Li Kai, Teo Guo Ci, Yang Kevin L, Yu Fengchao, Nesvizhskii Alexey I
Gilbert S. Omenn Department of Computational Medicine and Bioinformatics, University of Michigan, Ann Arbor, MI, USA.
Department of Pathology, University of Michigan, Ann Arbor, MI, USA.
Nat Commun. 2025 Jan 2;16(1):95. doi: 10.1038/s41467-024-55448-8.

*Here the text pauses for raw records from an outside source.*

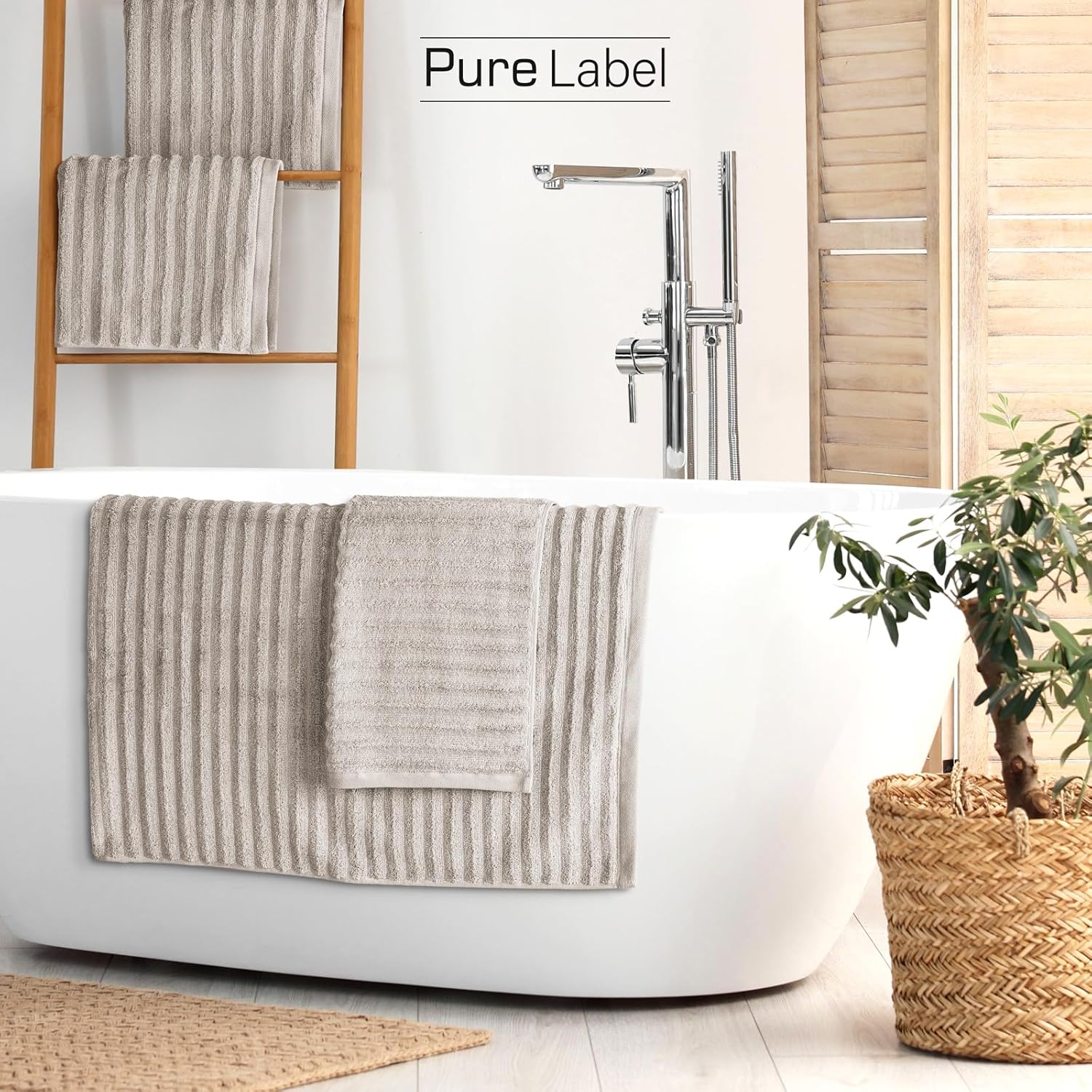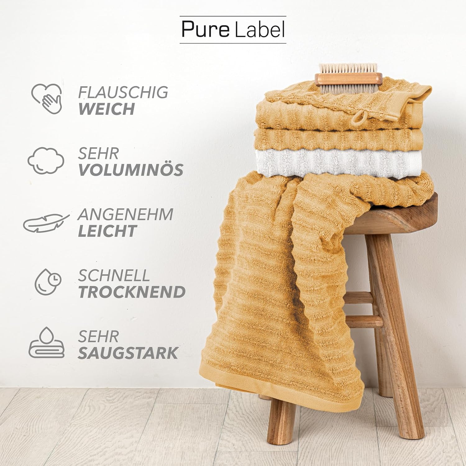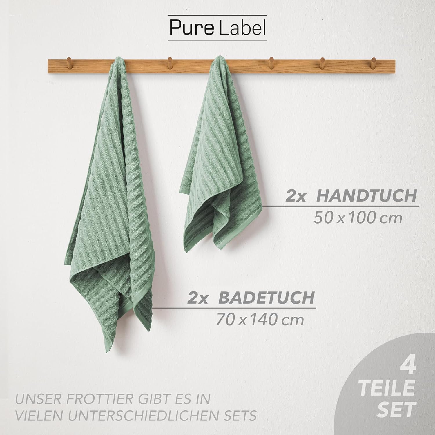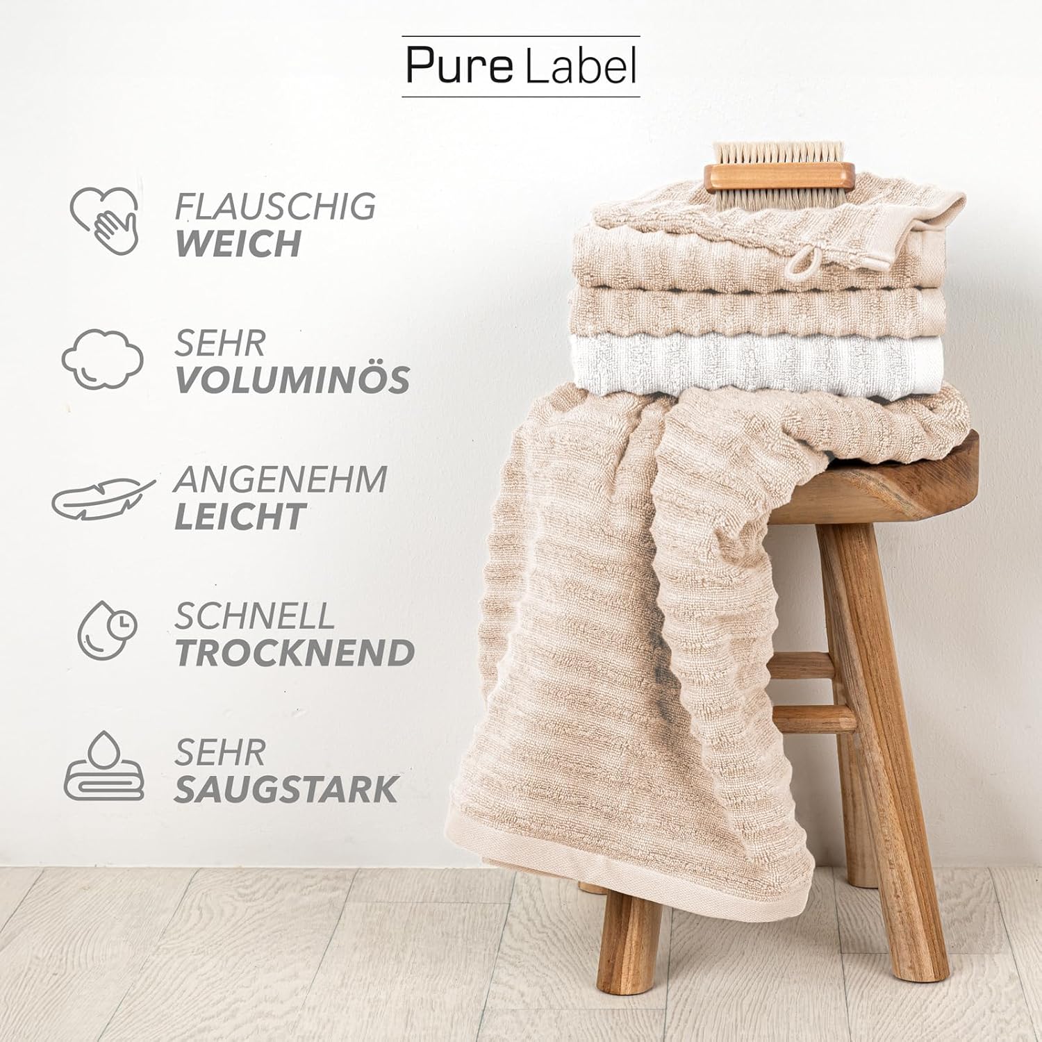 Pure Label 6-Piece Hand Towel Set with Hanging Loops Made of 100% Cotton, Absorbent and Soft, 2 x Bath Towels (70 x 140 cm), 2 x Hand Towels (50 x 100 cm), 2 x Guest Towels (30 x 50 cm),
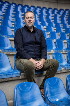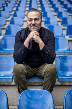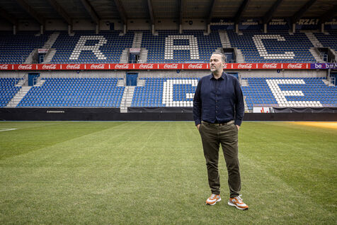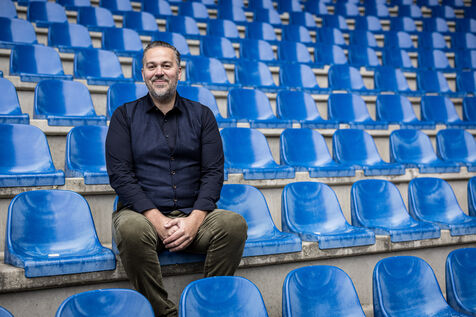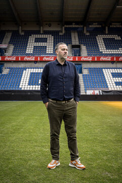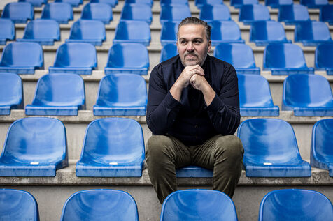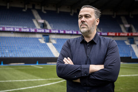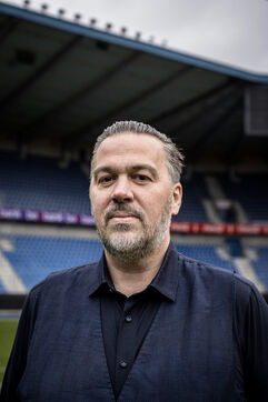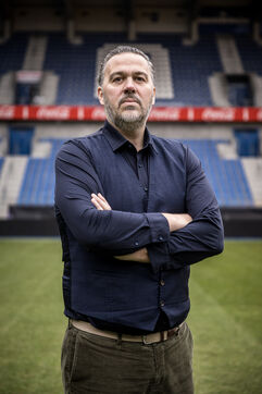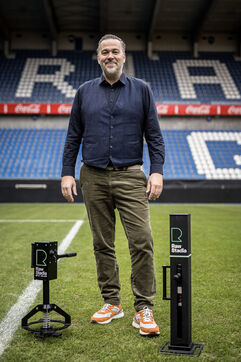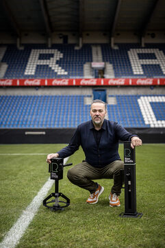 Genk, Belgium. 2023-12-11. Portrait of Jan Stryckers, CEO of Raw Stadia. The company has developed a technology capable of analyzing the condition of sports fields in order to improve athletes' performance. Raw Stadia increases its capital by 1.5 million euros. Photograph by Valentin Bianchi / Hans Lucas
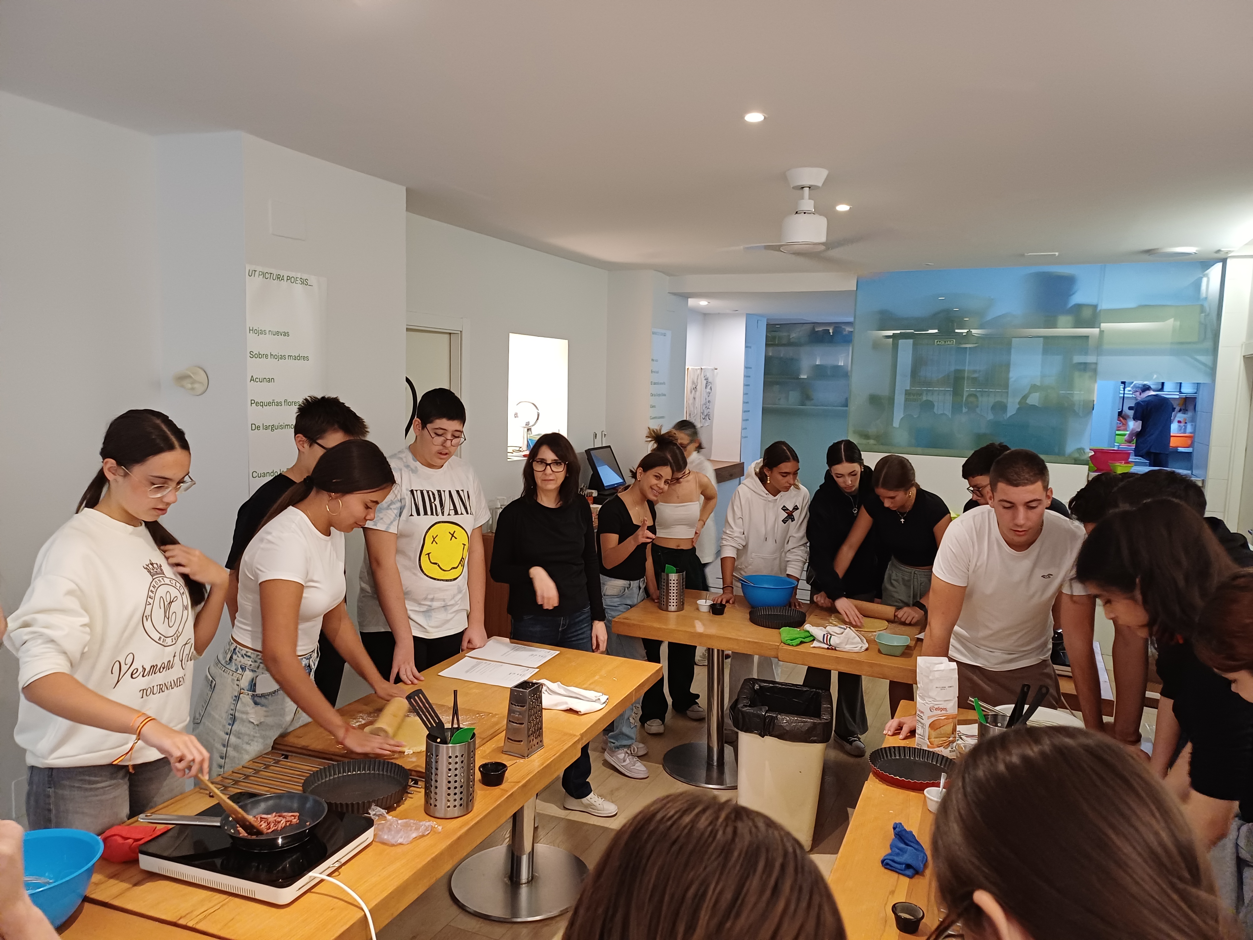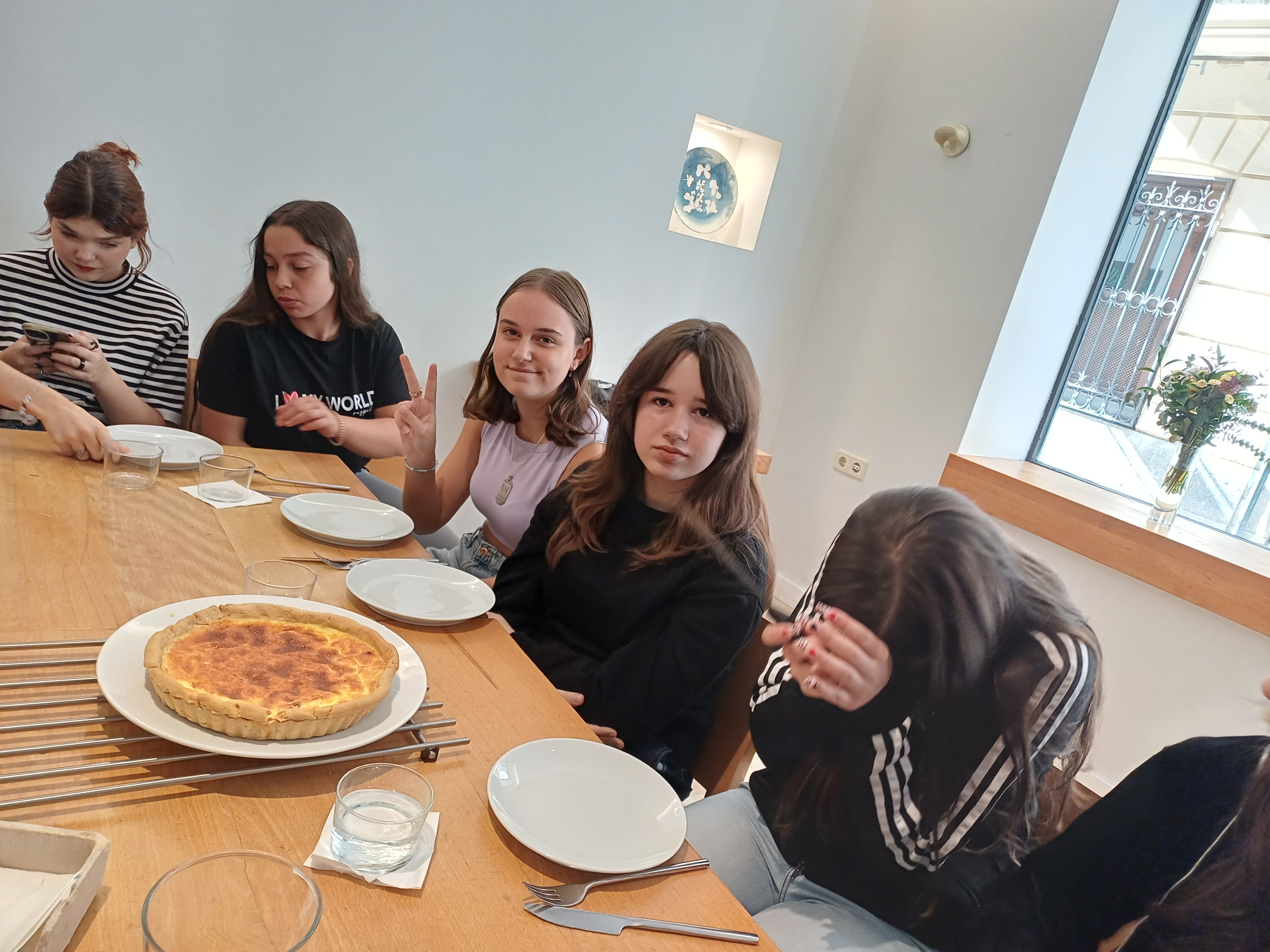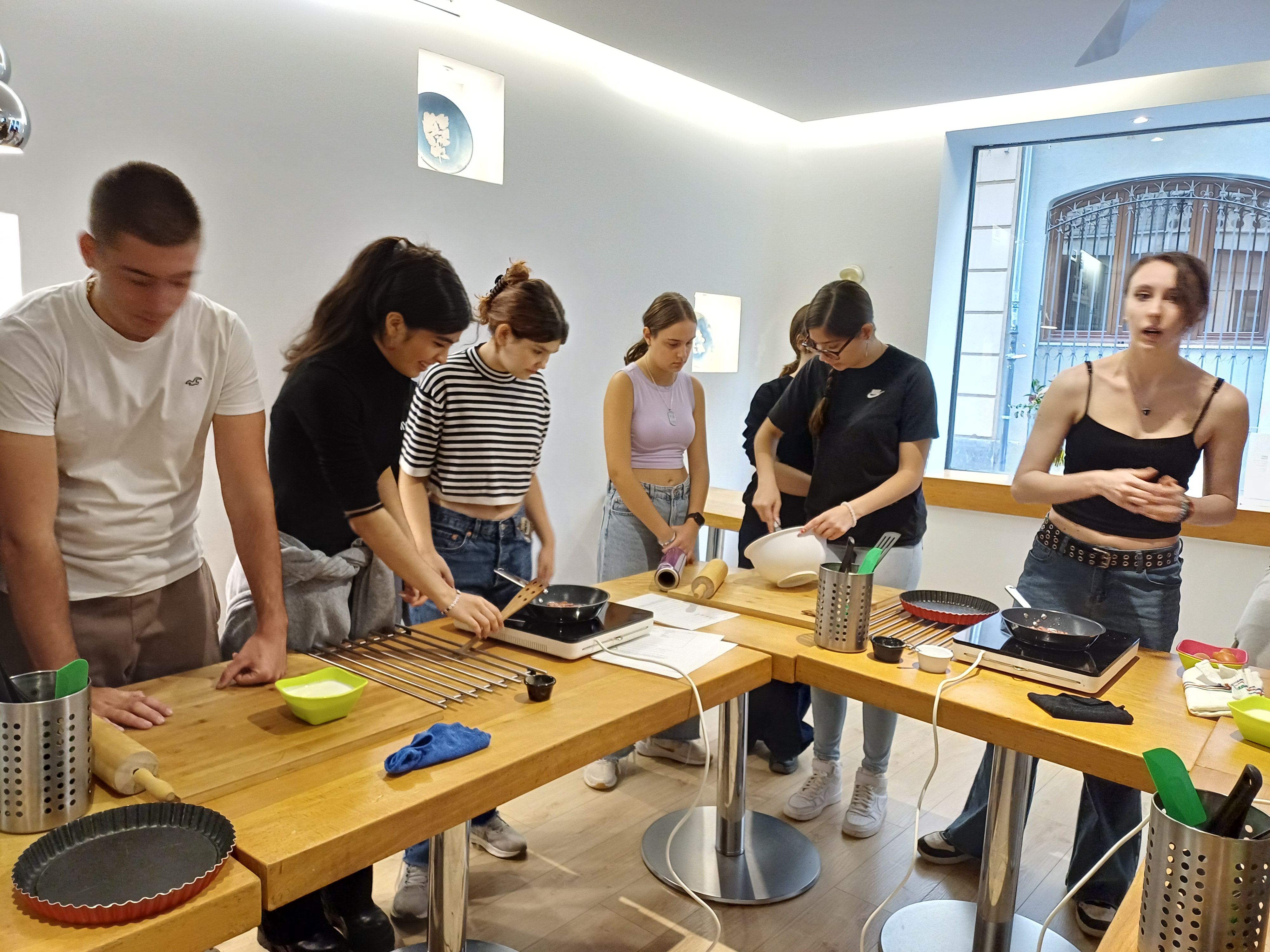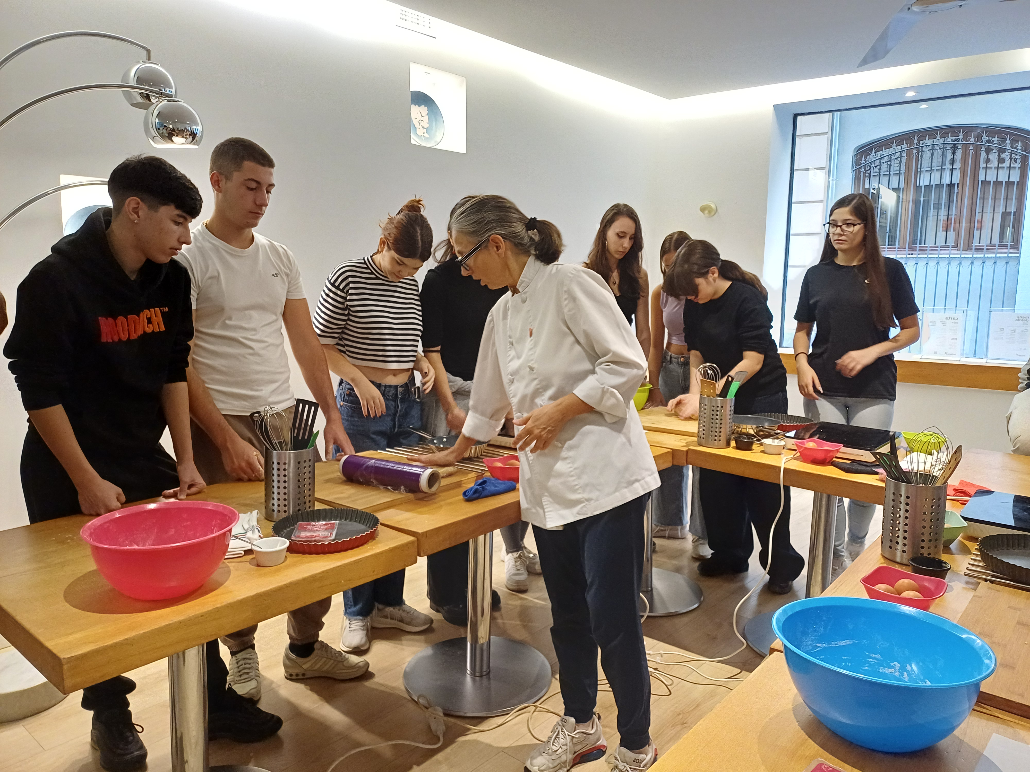 La cocinera, francesa y dueña del restaurante, nos esperaba con las mesas puestas y el menaje de cocina necesario para la preparación del plato. El alumnado disfrutó mucho durante el proceso de elaboración y, cómo no, en la degustación de las quiches. ¡Una actividad deliciosa!
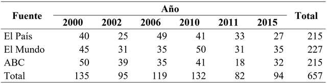 Las variables a partir de las que se analizaron las publicaciones fueron: (1) el año de la publicación, (2) la fuente (periódicos El País, El Mundo y ABC), (3) el abordaje como temática principal o no, (4) la autoría de las publicaciones, (5) las fuentes de información explícitamente citadas, (6) la temática abordada y (7) los términos empleados para referirse a la violencia de género.

Data-independent acquisition has become a widely used strategy for peptide and protein quantification in liquid chromatography-tandem mass spectrometry-based proteomics studies. The integration of ion mobility separation into data-independent acquisition analysis, such as the diaPASEF technology available on Bruker's timsTOF platform, further improves the quantification accuracy and protein depth achievable using data-independent acquisition. We introduce diaTracer, a spectrum-centric computational tool optimized for diaPASEF data. diaTracer performs three-dimensional (mass to charge ratio, retention time, ion mobility) peak tracing and feature detection to generate precursor-resolved "pseudo-tandem mass spectra", facilitating direct ("spectral-library free") peptide identification and quantification from diaPASEF data. diaTracer is available as a stand-alone tool and is fully integrated into the widely used FragPipe computational platform. We demonstrate the performance of diaTracer and FragPipe using diaPASEF data from triple-negative breast cancer, cerebrospinal fluid, and plasma samples, data from phosphoproteomics and human leukocyte antigens immunopeptidomics experiments, and low-input data from a spatial proteomics study. We also show that diaTracer enables unrestricted identification of post-translational modifications from diaPASEF data using open/mass-offset searches.
在基于液相色谱-串联质谱的蛋白质组学研究中,数据非依赖采集已成为一种广泛应用于肽段和蛋白质定量分析的策略。将离子淌度分离技术整合到数据非依赖采集分析中,如布鲁克timsTOF平台上的diaPASEF技术,进一步提高了使用数据非依赖采集所能达到的定量准确性和蛋白质鉴定深度。我们介绍了diaTracer,这是一种针对diaPASEF数据优化的以谱图为中心的计算工具。diaTracer执行三维(质荷比、保留时间、离子淌度)峰追踪和特征检测,以生成前体解析的“伪串联质谱”,便于从diaPASEF数据中直接(“无需谱图库”)进行肽段鉴定和定量分析。diaTracer可作为独立工具使用,并已完全集成到广泛使用的FragPipe计算平台中。我们使用来自三阴性乳腺癌、脑脊液和血浆样本的diaPASEF数据、磷酸化蛋白质组学和人类白细胞抗原免疫肽组学实验的数据以及空间蛋白质组学研究的低输入数据,展示了diaTracer和FragPipe的性能。我们还表明,diaTracer能够通过开放/质量偏移搜索从diaPASEF数据中无限制地鉴定翻译后修饰。